All chromosomes or books have chapters in them, and these are what we call genes. Genes give instructions on how to make the proteins in our body. Without these genes, we are unable to make the proteins properly. What is really cool, is that everyone has about 20,000 to 25,000 genes in their DNA! Although every cell has all our DNA, genes are able to be turned on and off. This is what helps give us all types of different cells, like blood cells, skin cells, brain cells, and hair cells etc. Sometimes genes could be missing or we could have more than two copies of genes. This loss, or extra DNA can lead to changes in the way our bodies develop and grow.

http://www.biologycorner.com/bio1/celldivision-chromosomes.html

What does 2q23.1 deletion/duplication mean?

The number letter combination tells us a description of where the change in our DNA has taken place. A deletion means that there is DNA missing. A duplication means that there are extra copies of DNA. 2q23.1 can be broken down. The first 2, means that the change occurred in chromosome number “2”. The letter “q” means that the change happened on the long arm of the chromosome. The next group of numbers, tells us that the change happened in the 23.1 section of the “q” arm. If you have a specific result that gives a range, for example, 2q23.1-2q23.3, that means that there has either been a loss of that entire area, or that the stretch of DNA has more than two copies. The MBD5 gene is found in the 2q23.1 region of the chromosome.

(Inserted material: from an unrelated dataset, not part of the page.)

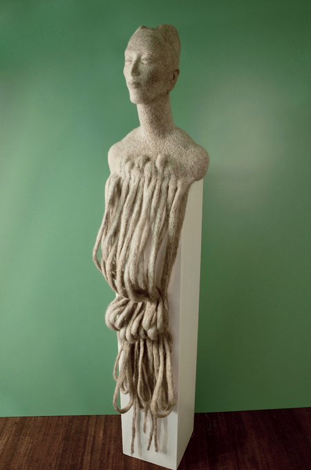 classical bust, extended by an open, movable space (made of felted and sewn ribbons)- describing an inner, spiritual space of sensation

What does the MBD5 gene mean?

 MBD5 is an abbreviation for methyl binding domain 5. MBD5 is a name given to the gene that is either missing or duplicated in children with 2q23.1 deletion/duplication disorders. This is the ONLY gene that is seen in EVERY child that has the disorder. It is said to be the “CAUSAL” gene or the one that causes someone to have the disorder.